More

UglyToad · 2025-08-04T14:21:01 1754317261

Yes this is generally the fallback approach if finding the objects via the index (xref) fails. It is slightly slower but it's a one time cost, though I imagine it was a lot slower back when PDFs were first used on the machines of the time.

UglyToad · 2025-08-04T00:08:40 1754266120

If you don't have a known set of PDF producers this is really the only way to safely consume PDF content. Type 3 fonts alone make pulling text content out unreliable or impossible, before even getting to PDFs containing images of scans.

I expect the current LLMs significantly improve upon the previous ways of doing this, e.g. Tesseract, when given an image input? Is there any test you're aware of for model capabilities when it comes to ingesting PDFs?

simonw · 2025-08-04T00:31:21 1754267481

I've been trying it informally and noting that it's getting really good now - Claude 4 and Gemini 2.5 seem to do a perfect job now, though I'm still paranoid that some rogue instruction in the scanned text (accidental or deliberate) might result in an inaccurate result.

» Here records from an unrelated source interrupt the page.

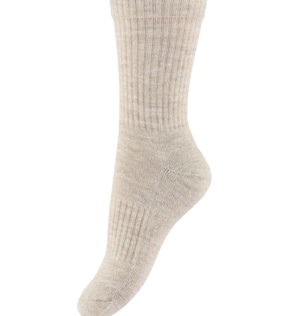 Behagelige MP strømper i en meleret, lysebeige nuance. MP strømperne har et langt skaft med en fin ribstruktur og en smal elastikkant øverst, der sikrer en god pasform. Passer til hverdagens krævende situationer med stilren enkelhed.
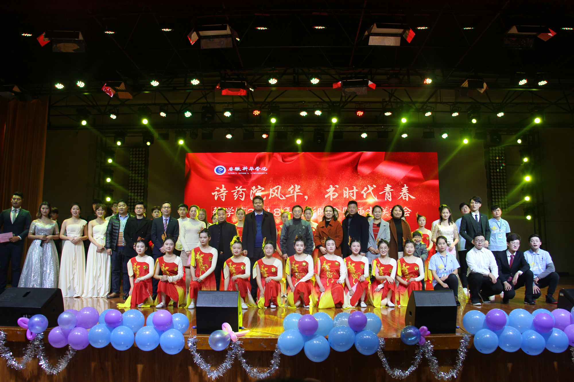 本网讯(通讯员:赵影、刘千会)12月11日晚上,药学院2018“诗药院风华,书时代青春”表彰暨师生联欢会在校大礼堂举行。出席本次活动的有药学院院长张国升,安徽省药品零售行业协会副会长,安徽国胜大药房连锁有限公司董事长何家伦、人力资源部经理沈琴、人事总监孙山,商学院行政副院长王飞,药学院行政副院长余立新,通识教育部主任助理何亚梅,药学院院长助理陶阿丽,合肥高新区志愿服务站主任姬国印以及药学院全体教师。
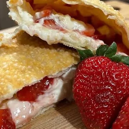 Um crocante e saboroso pastel recheado de chocolate branco e morango. Nossa massa pastel doce é de 15cm.
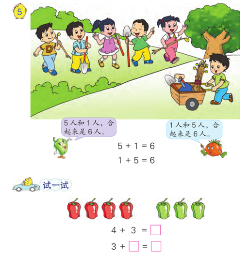 为引导学生感受相关加法算式或减法算式之间的联系,先在例5中示范“5人和1人,合起来是6人”“1人和5人,合起来是6人”。
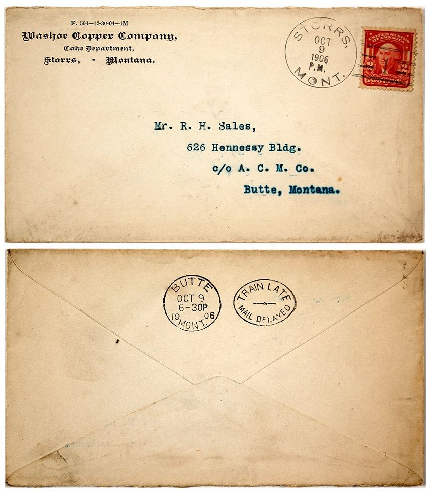 Post office open from 1904 to 1908. Very nice strike. Has a Washoe Copper Company corner advertisement. And if that weren't enough, back is stamped, "Train Late / Mail Delayed" City: Storrs State: Montana Date: 1906 ID: 37028
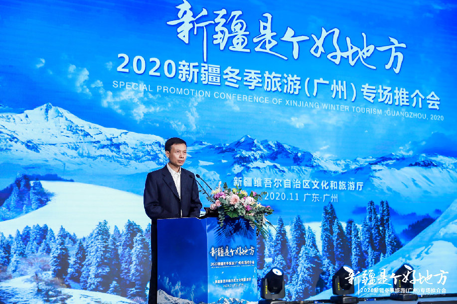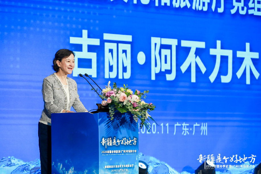 新疆维吾尔自治区文化和旅游厅党组成员、副厅长古丽·阿不力木致辞。 新疆维吾尔自治区文化和旅游厅党组成员、副厅长古丽·阿不力木致辞时说,“世界之美,尽在新疆。冬季在北疆,您可以在人类滑雪起源地、“中国雪都”阿勒泰听落雪的声音,看赛里木湖的冰泡、天山天池的雪景;您可以穿着毛衣在最温暖的、离城市最近的乌鲁木齐丝绸之路滑雪场感受滑雪、戏雪、赏雪的乐趣,再美美地泡个温泉,享受冰火两重天的惬意;您可以去南疆拍摄浩瀚的沙漠、雅丹地貌、丹霞景观、胡杨雾凇,在领略各民族风情的同时,品尝各种特色美食,新疆的冬天别有一番天地。 古丽·阿不力木说,今天我们欢聚在美丽花城,开展冬季旅游推介活动,共建旅游交流与合作平台,新疆和广东两地市场合作潜力巨大。
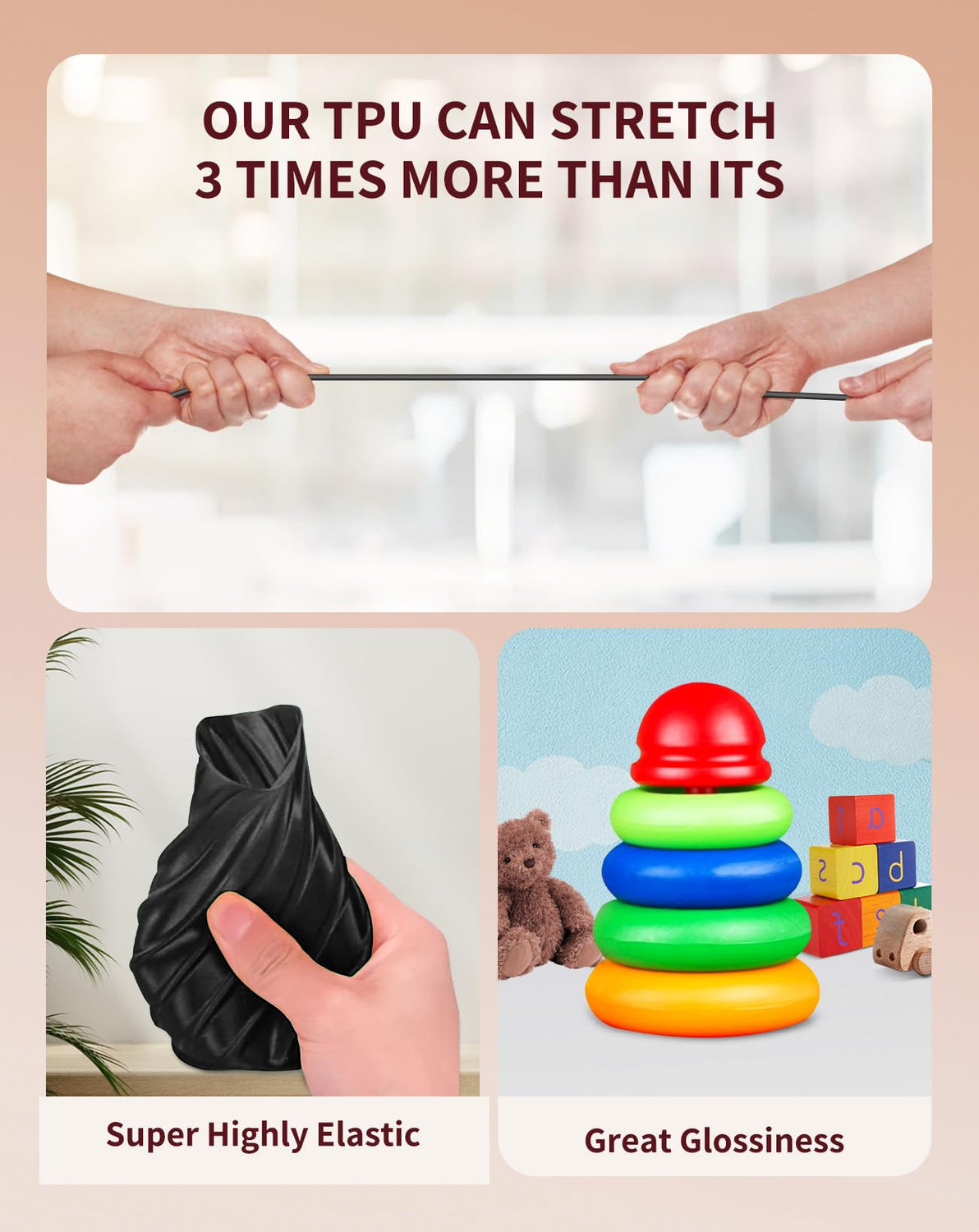 - High Elasticity & Strength - Duramic TPU filament 1.75mm features not only the high elasticity to stretch 3 times more than its original length, but also high strength resistance with shore hardness of 95A. Duramic TPU is a perfect choice if you want to print rubber-like flexible and resistant models, parts, jigs and tools, etc.
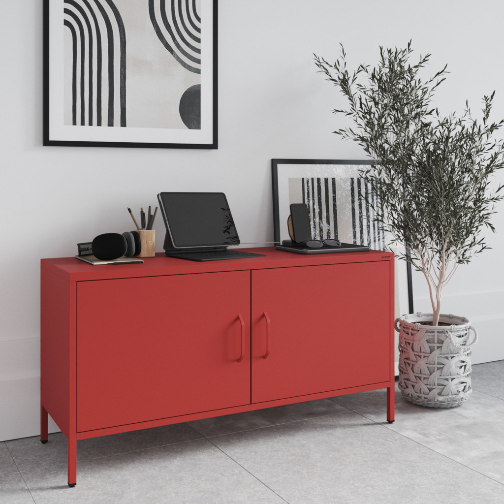 A ROSA C18L TV szekrény vibráló vörös színe és letisztult, modern dizájnja azonnal magára vonja a figyelmet. Ez a bútordarab kiválóan illeszkedik a kortárs lakberendezési stílusokhoz, és bármely nappalinak karaktert kölcsönöz.
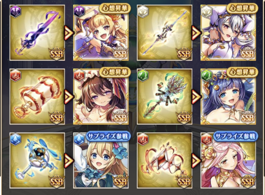 - ワンコインガチャなどの目玉として追加される場合がある(その後再び対象から除外)
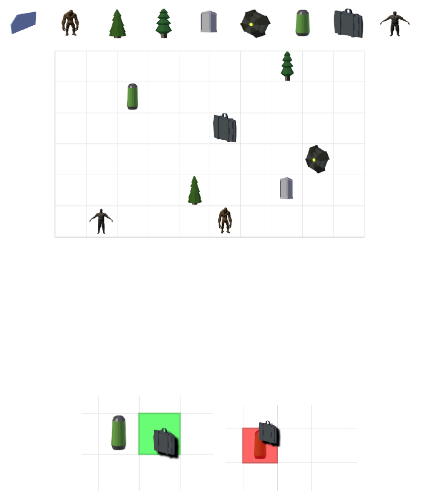 •czerwony - na danym polu nastepuje kolizja z innym przedmiotem, po upuszczeniu obiektu
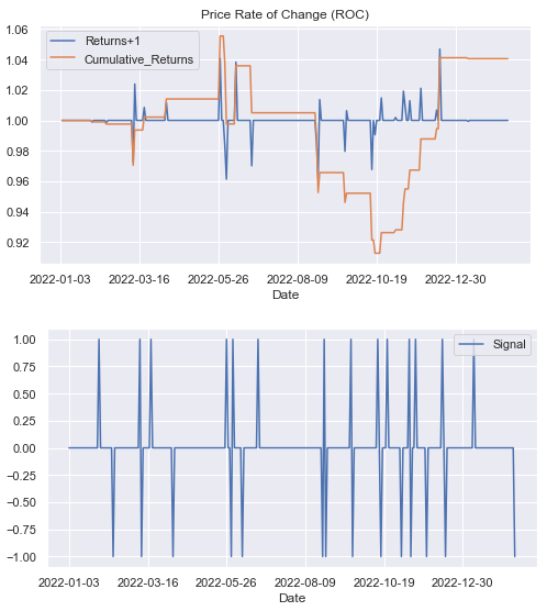 df['Sell'] = (df['ROC'] < 0) & (df['ROC'].shift(1) > 0)# Buy securities when a buy signal is generated and sell them when a sell signal is generated
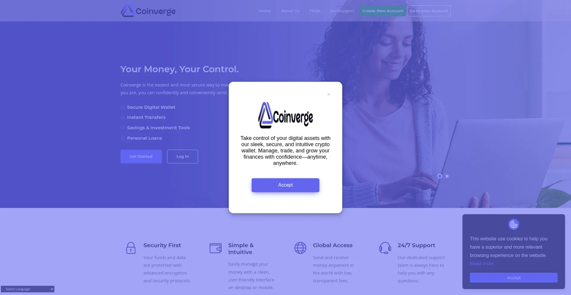coinverge.online 使用 Bootstrap,这是一个广泛采用的开源响应式网页开发框架。Bootstrap 通过标准化组件和样式实现移动友好界面的高效创建。

UglyToad · 2025-08-04T00:03:17 1754265797

You're right, this was a fairly common failure state seen in the sample set. The previous reference or one in the reference chain would point to offset of 0 or outside the bounds of the file, or just be plain wrong.

What prompted this post was trying to rewrite the initial parse logic for my project PdfPig[0]. I had originally ported the Java PDFBox code but felt like it should be 'simple' to rewrite more performantly. The new logic falls back to a brute-force scan of the entire file if a single xref table or stream is missed and just relies on those offsets in the recovery path.

However it is considerably slower than the code before it and it's hard to have confidence in the changes. I'm currently running through a 10,000 file test-set trying to identify edge-cases.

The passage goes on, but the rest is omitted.